A formalized proof should not have to be constantly citing the names of theorems. For either a human or an AI, rather than writing and validating this proof:

theorem foo_implies_baz : foo → baz :=
begin
  intro _,
  apply bar_implies_baz,
  apply foo_implies_bar,
end

you should be able to write the proof the way a human writes a proof in prose, by just stating true things that follow from the premises without giving an explicit rationale for them.

theorem foo_implies_baz: foo -> baz {
  bar
}

In 99% of cases, the compiler should just be automatically handling the library search for you. I think natural exceptions would be fancy tactics like induction.
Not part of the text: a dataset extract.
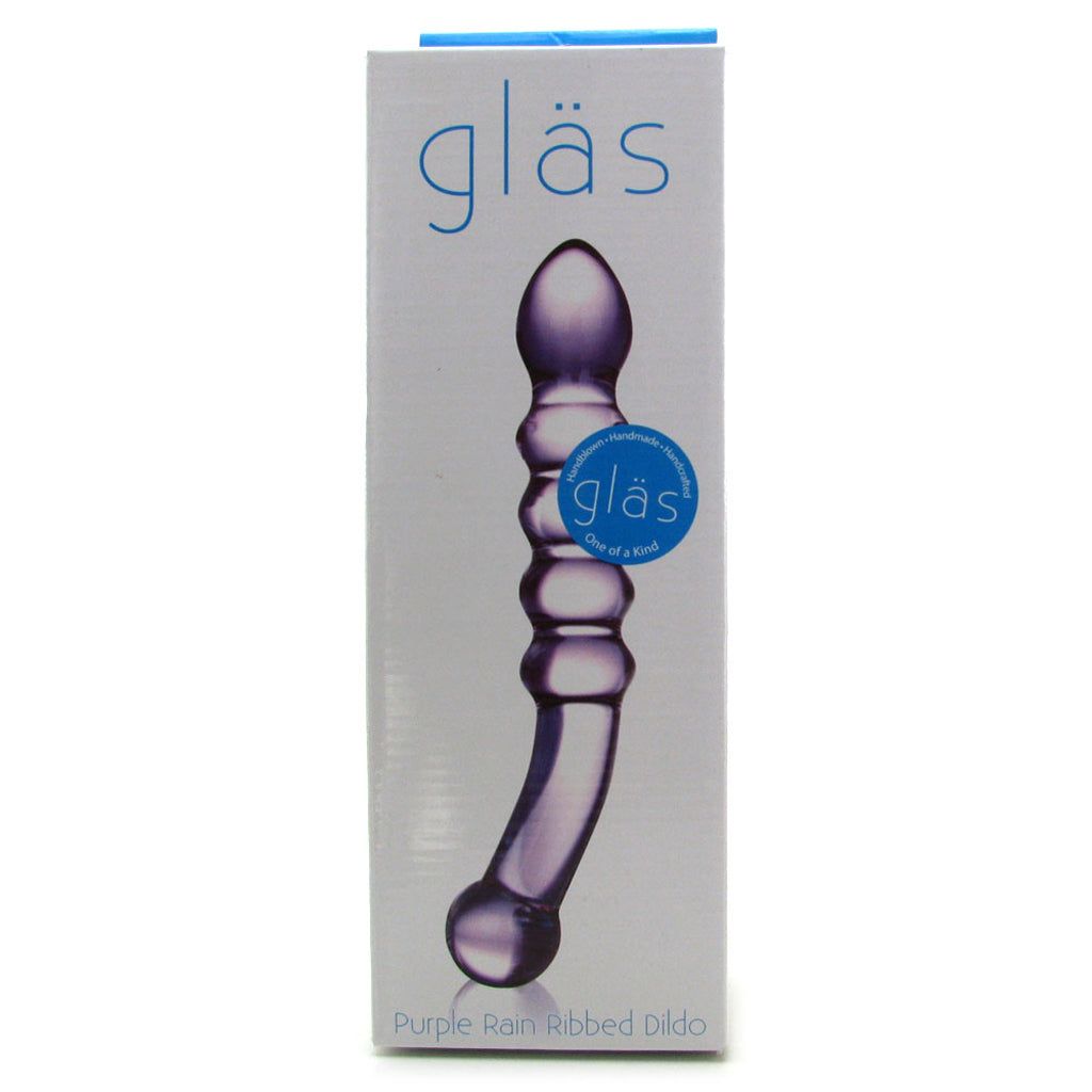 gläs Purple Rain Ribbed Glass Dildo

In most human-written proofs, when you’re using induction, you do say, “now I’m using induction”.

You can think of this like a mini proof search. It’s just that you are searching just a few steps. One retrieval from the library, plus a bit of normalizing between logically equivalent expressions. It’s like a base case that the proof search needs to handle before it can expand to more complicated cases.

Conclusion

I think automatically handling library search will make proofs easier for both humans and AIs. You shouldn’t need to use the names of theorems.

There’s a related, somewhat harder problem of “rewrite search”. Originally I was going to write about that, too, but this post is getting long, so I’ll cut off here. Thanks for reading! Next month I’ll write about the rewrite search problem.